About this exercise :: Begin the copy at the line containing "The document provides" in the data below and end it at the line containing "رمضانية وخيامية رائعة.", keeping each line exact and leaving out pictures.

Task material ::
/---
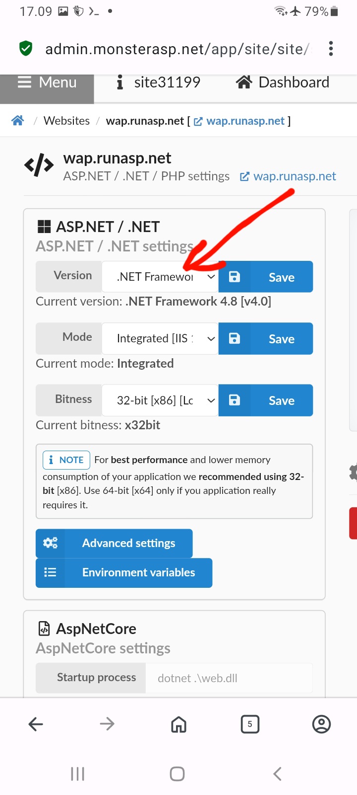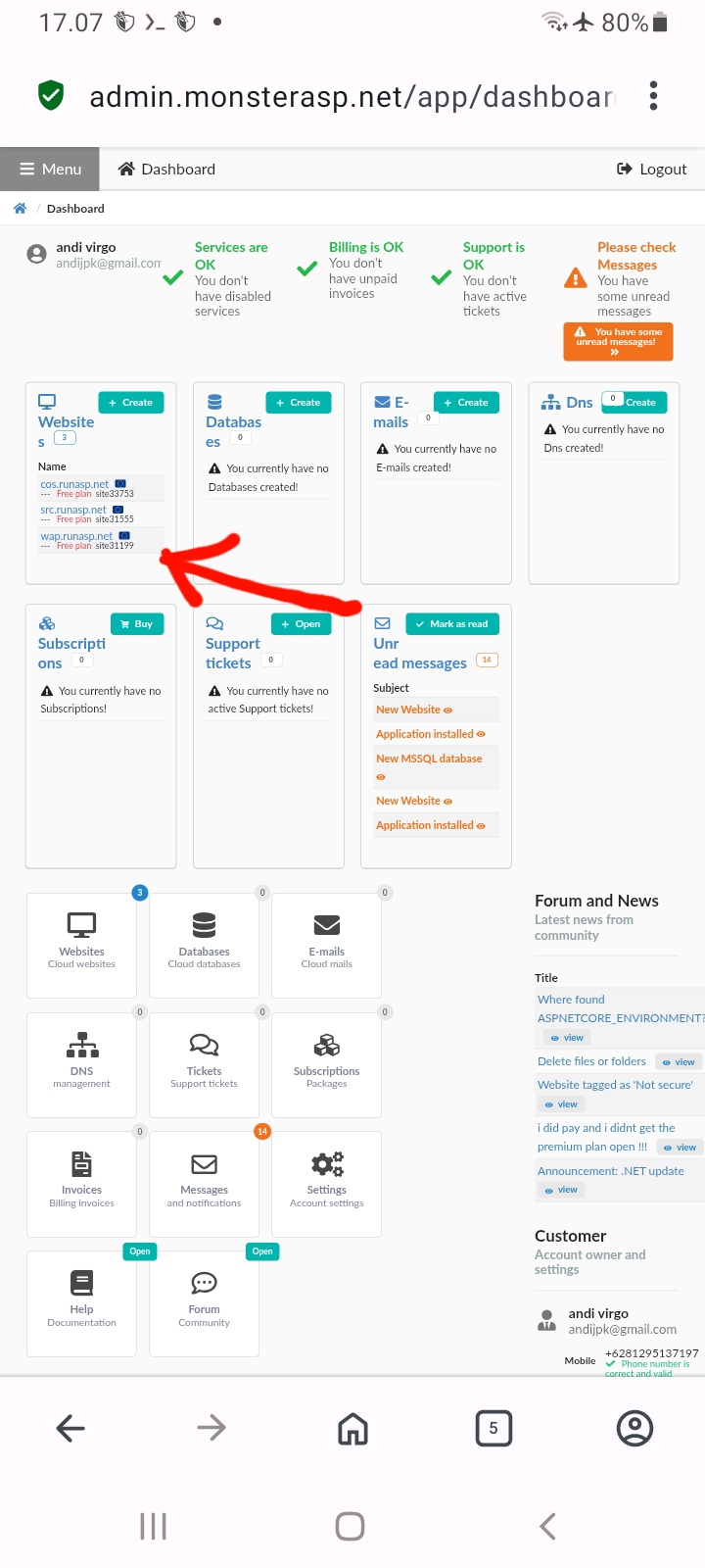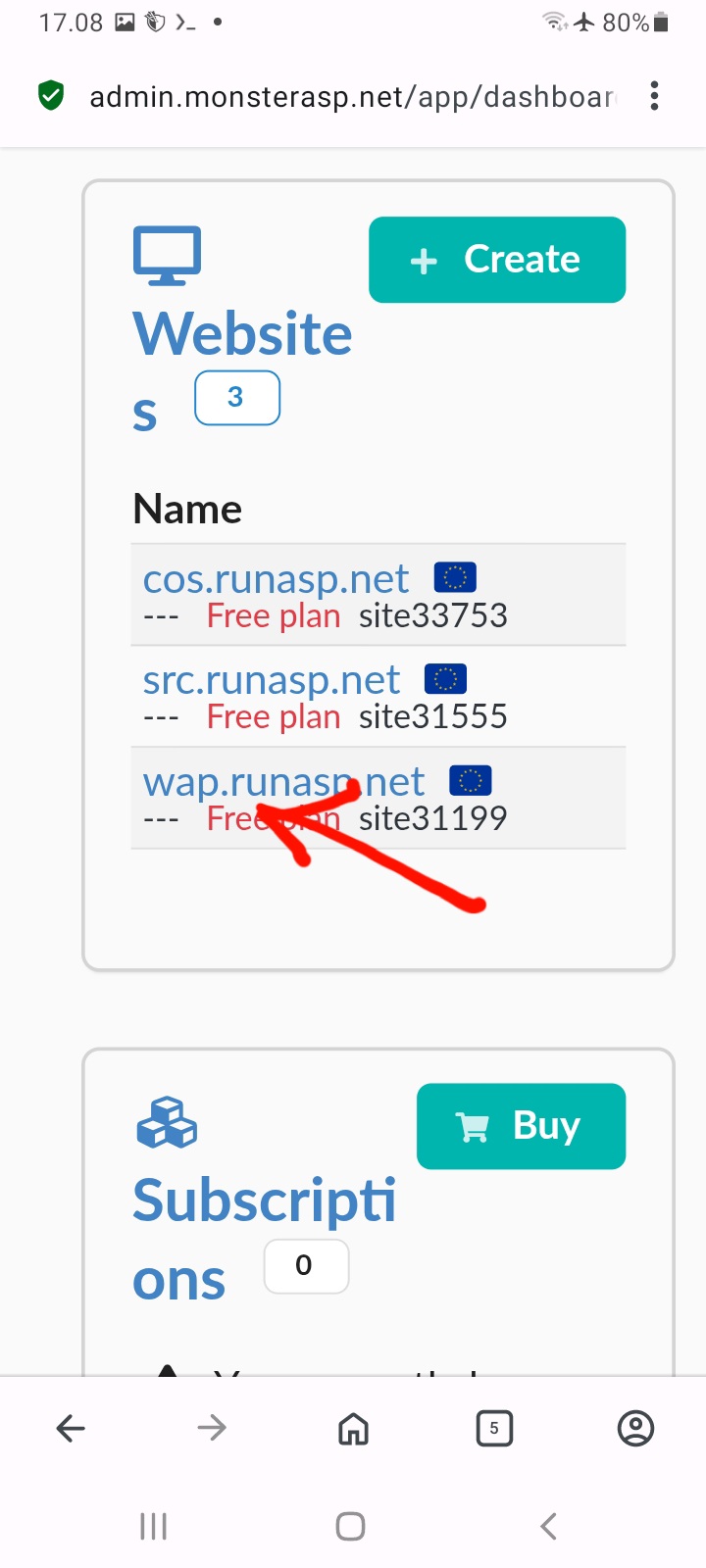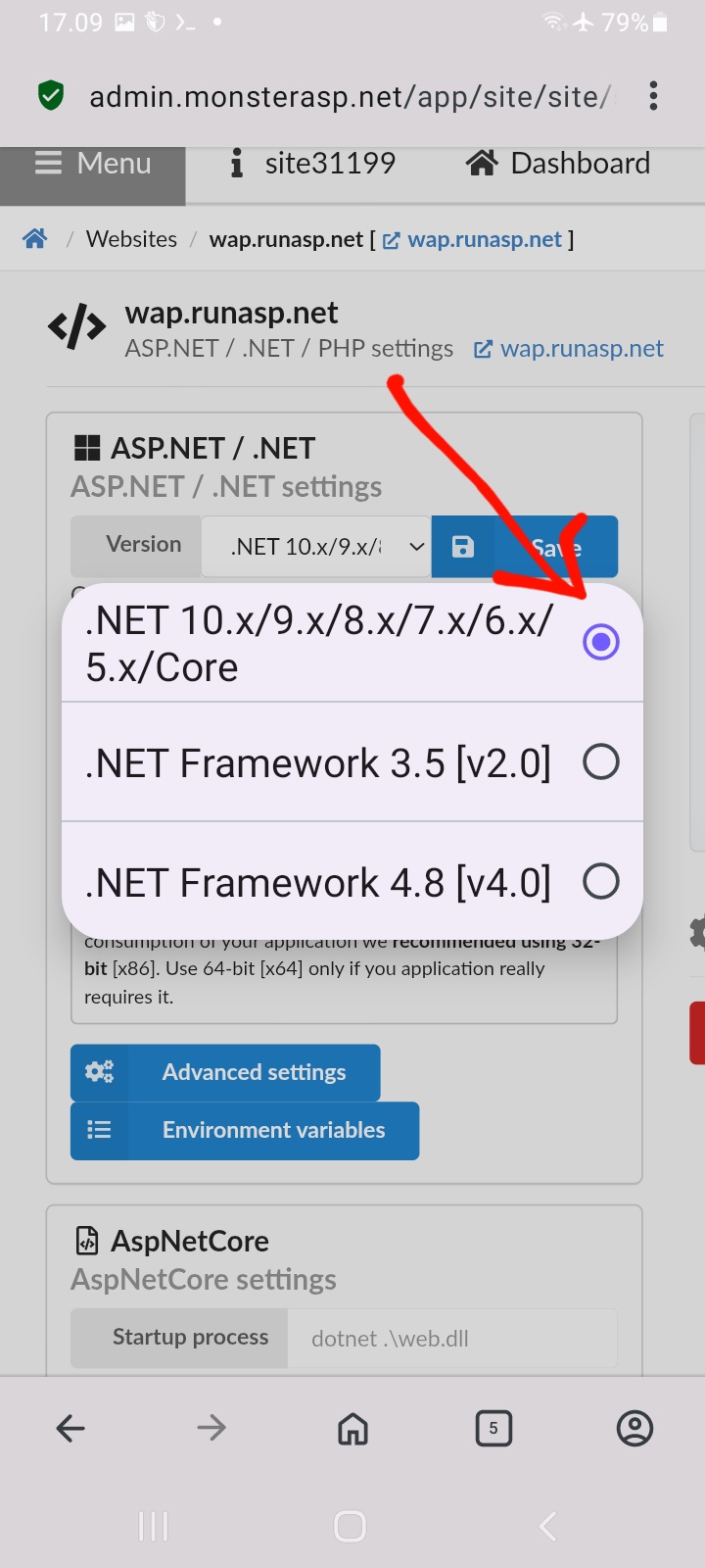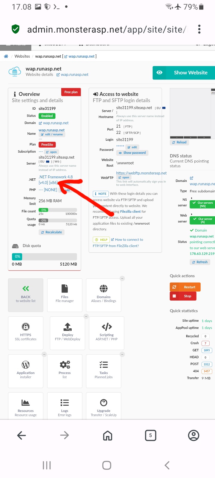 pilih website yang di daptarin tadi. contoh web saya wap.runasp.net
\---
/---
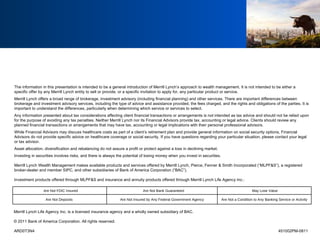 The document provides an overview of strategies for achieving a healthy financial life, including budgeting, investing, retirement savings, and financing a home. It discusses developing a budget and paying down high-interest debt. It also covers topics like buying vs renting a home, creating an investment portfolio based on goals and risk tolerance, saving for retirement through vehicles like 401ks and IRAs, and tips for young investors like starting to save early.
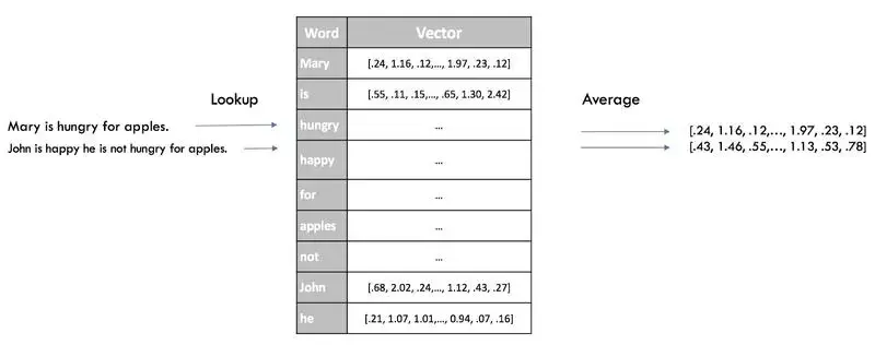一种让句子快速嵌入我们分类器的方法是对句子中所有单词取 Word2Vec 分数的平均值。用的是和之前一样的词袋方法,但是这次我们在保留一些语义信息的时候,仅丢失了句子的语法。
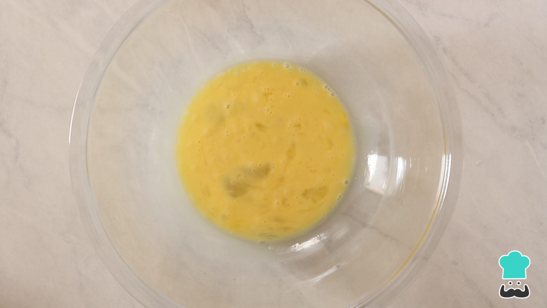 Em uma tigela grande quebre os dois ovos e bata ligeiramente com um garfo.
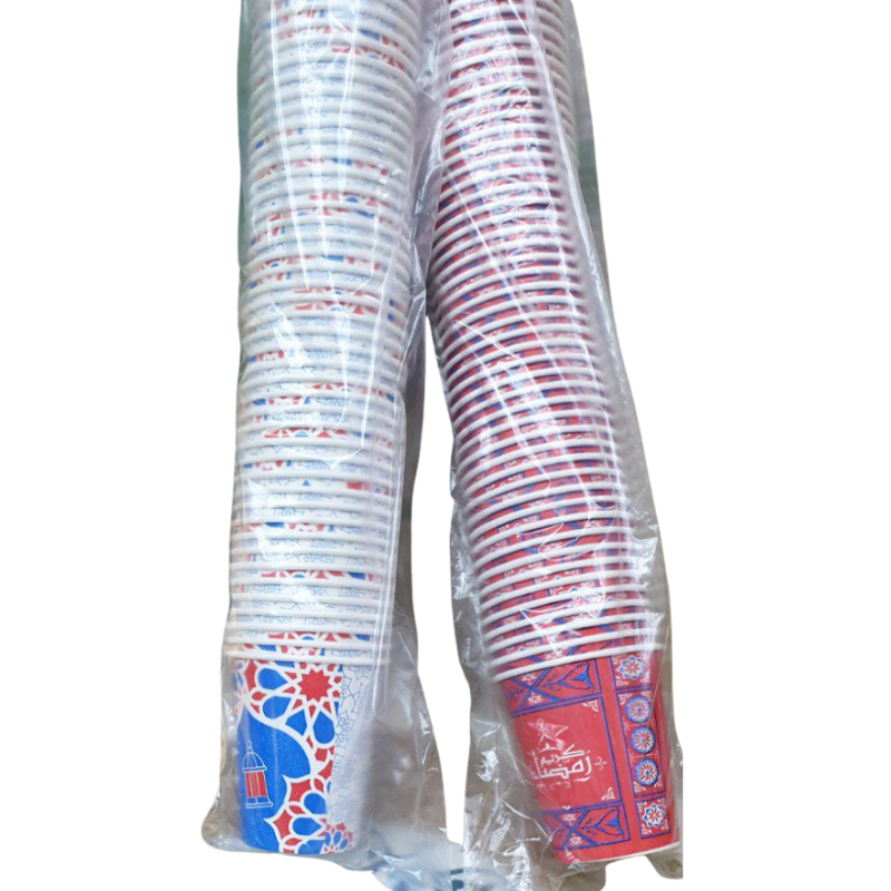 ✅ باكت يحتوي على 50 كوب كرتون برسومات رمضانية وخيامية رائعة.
\---
Output for this task ::
 The document provides an overview of strategies for achieving a healthy financial life, including budgeting, investing, retirement savings, and financing a home. It discusses developing a budget and paying down high-interest debt. It also covers topics like buying vs renting a home, creating an investment portfolio based on goals and risk tolerance, saving for retirement through vehicles like 401ks and IRAs, and tips for young investors like starting to save early.
一种让句子快速嵌入我们分类器的方法是对句子中所有单词取 Word2Vec 分数的平均值。用的是和之前一样的词袋方法,但是这次我们在保留一些语义信息的时候,仅丢失了句子的语法。
 Em uma tigela grande quebre os dois ovos e bata ligeiramente com um garfo.
 ✅ باكت يحتوي على 50 كوب كرتون برسومات رمضانية وخيامية رائعة.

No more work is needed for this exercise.